How to prove $$\sum _{k=1}^{\infty } J_k(k z){}^2=\frac{1}{2 \sqrt{1-z^2}}-\frac{1}{2},\ |z|<1$$ The supplementary one $\sum _{k=1}^{\infty } J_k(k z)=\frac{z}{2 (1-z)}$ might be useful.

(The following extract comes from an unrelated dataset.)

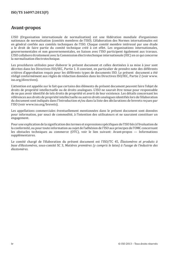 ISO/TS 16097:2013 is classified under the following ICS (International Classification for Standards) categories: 83.040.10 - Latex and raw rubber. The ICS classification helps identify the subject area and facilitates finding related standards.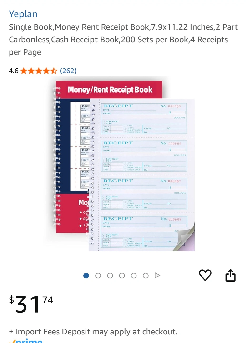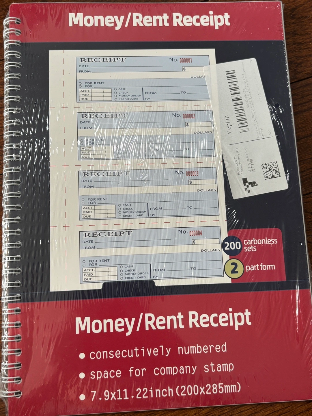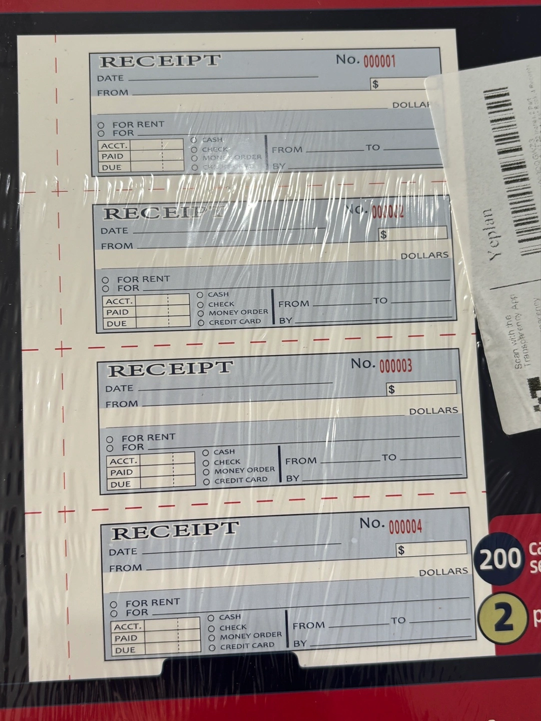 Carbonless receipt book. 2 part forms. 200 receipts .Consecutively numbered. Space for company stamp. 7.9x11.22 inch (200x285mm). 4 receipts per page.

Any help will be appreciated.

Answer 1

We can use the integral representation for the product of Bessel functions DLMF \begin{equation} J_{\mu}\left(x\right)J_{\nu}\left(x\right)=\frac{2}{\pi}\int_{0}^{\pi/2}J_{\mu+\nu}\left(2x\cos\theta\right)\cos\left((\mu-\nu)\theta\right)\mathrm{d}\theta \end{equation} with $\mu=\nu=k$ and $x=kz$: \begin{equation} J_{k}^2\left(kz\right)=\frac{2}{\pi}\int_{0}^{\pi/2}J_{2k}\left(2kz\cos\theta\right)\mathrm{d}\theta \end{equation} From the quoted series, and using parity properties of the Bessel function, \begin{equation} \sum _{k=1}^{\infty } J_k(k x)=\frac{x}{2 (1-x)} \end{equation} gives \begin{align} 2\sum _{k=1}^{\infty } J_{2k}(2k x)&=\sum _{k=1}^{\infty } J_k(k x)+\sum _{k=1}^{\infty } J_k(-k x)\\ &=\frac{x}{2 (1-x)}-\frac{x}{2 (1+x)}\\ &=\frac{x^2}{1-x^2} \end{align} Then \begin{align} \sum_{k\ge1}J_{k}^2\left(kz\right)&=\frac{2}{\pi}\int_{0}^{\pi/2}\sum_{k\ge1}J_{2k}\left(2kz\cos\theta\right)\mathrm{d}\theta\\ &=\frac{1}{\pi}\int_{0}^{\pi/2}\frac{z^2\cos^2\theta}{1-z^2\cos^2\theta}\mathrm{d}\theta\\ &=\frac{1}{\pi}\left[-\frac{\pi}{2}+\int_{0}^{\pi/2}\frac{1}{1-z^2\cos^2\theta}\mathrm{d}\theta\right]\\ &=-\frac12+\frac1\pi\int_0^\infty \frac{dt}{t^2+1-z^2} \text{ ...by changing }t=\tan\theta\\ &=\frac{1}{2\sqrt{1-z^2}}-\frac{1}{2} \end{align} as expected.